When you look at Canada over the last 15 years, what’s interesting is that the two groups that have seen the most significant growth in income were the bottom 20 and the top 20.  The middle has seen its income growth lagging.

 Image from avc.com

Image from avc.com

Which is a problem our southern neighbors wish they had.  Their middle class wages are actually going down.  According to a 2015 New York Times report, due to trends in globalization, off-shoring, and the IT revolution, between 2000 and 2013, the median income dropped in most states in the U.S, a trend they dubbed "the hollowing out of America's middle class."  Whereas the vast majority of Americans used to identify as middle class, America looks more like an hourglass now, with more people sliding into the "working class" designation and more wealth is accumulating at the top [Source]. An article in the New York Times says, "After three decades of income gains favoring the highest earners and job growth being concentrated at the bottom of the pay scale, the middle has for millions of families become a precarious place to be [Source].

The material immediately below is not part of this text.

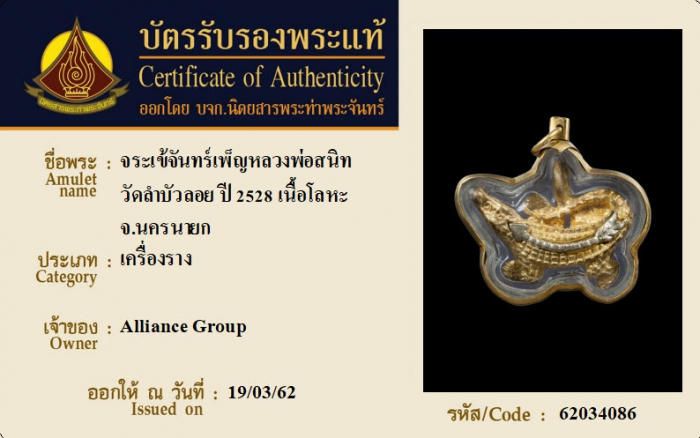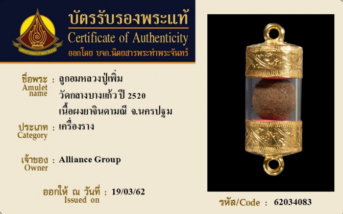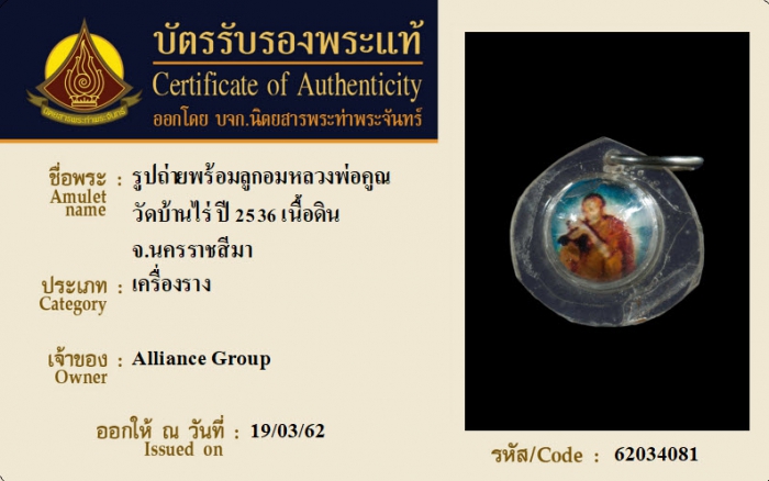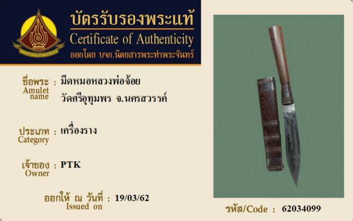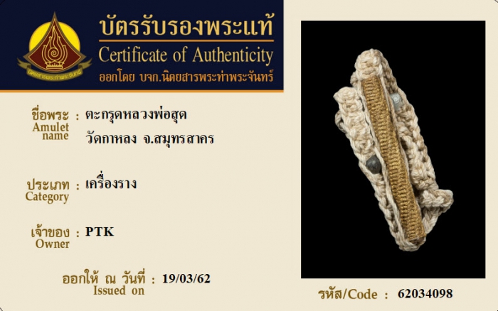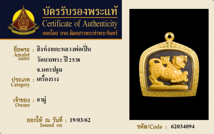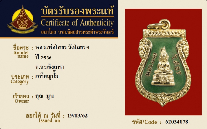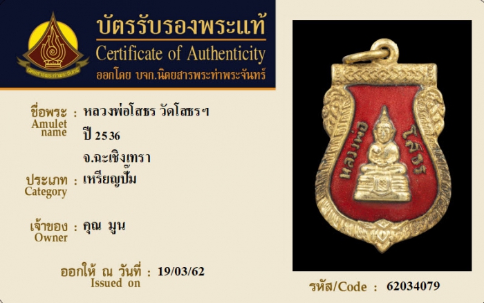 ค้นหาใบการันตีพระแท้
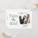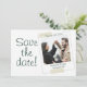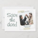 Este estilo de fotografia de tendência salve a data do anúncio da placa apresenta a foto do casal rodeada por um quadro branco. Um design de fita de mascaramento se senta acima e abaixo da foto. Uma fonte de estilo de escrita manual é usada no cartão. A cor da fonte é rosa.

  Robots mixing drinks in a bar online a luxury cruise ship.   Image from dailymail.co.uk.

Robots mixing drinks in a bar online a luxury cruise ship.  Image from dailymail.co.uk.

When a college education doesn’t necessarily translate into a higher income bracket anymore, and the jobs that provided those middle class wages are being replaced by robots, it's no surprise, then, that a recent Pew study found that only 64% of Americans now believe they have a chance at upwards economic mobility, the lowest it’s been in 30 years.  [Source]   

It would be one thing if Canadians and Americans were just feeling squeezed by the economy, but simultaneously, the bar has been raised on how much time we spend raising our children as well.  Sheryl Sandberg, COO of Facebook, says,

Just as expectations for how many hours people will work have risen dramatically, so have expectations for how many hours mothers will spend focused on their children. In 1975, stay-at-home mothers spent an average of about eleven hours per week on primary child care (defined as routine caregiving and activities that foster focused play.)  Mothers employed outside the home in 1975 spent six hours doing these activities.  Today, stay-at-home mothers spend about seventeen hours per week on primary child care, on average, while mothers who work outside the home spend about eleven hours.  This means that an employed mother today spends about the same amount of time on primary child care activities as a nonemployed mother did in 1975 (Sandberg, 2013).

 Image from unsplash.com

Image from unsplash.com

As of 2015, the workforce in Canada and in the United States is now made up mostly of Millennials, those born between 1980 and 2000.  Although they make up such a large part, employers don't seem to want to hire them, and certainly have trouble relating to them.  Millennials are often described as lazy and entitled by older generations, owing in large part to their habit of texting while eating, walking, and even socializing.  One survey of Canadian Millennials says that they would rather lose their sense of smell than their cell or smart phone. 

Soon, Millennials will be holding up two of the world's biggest economies, trying to prevent further widening of the income gap while at the same time, balancing their social media and texting habits.  To do so successfully, they will require a new level of self-awareness of how they respond to the many stressors in their lives- if they respond in constructive or destructive ways.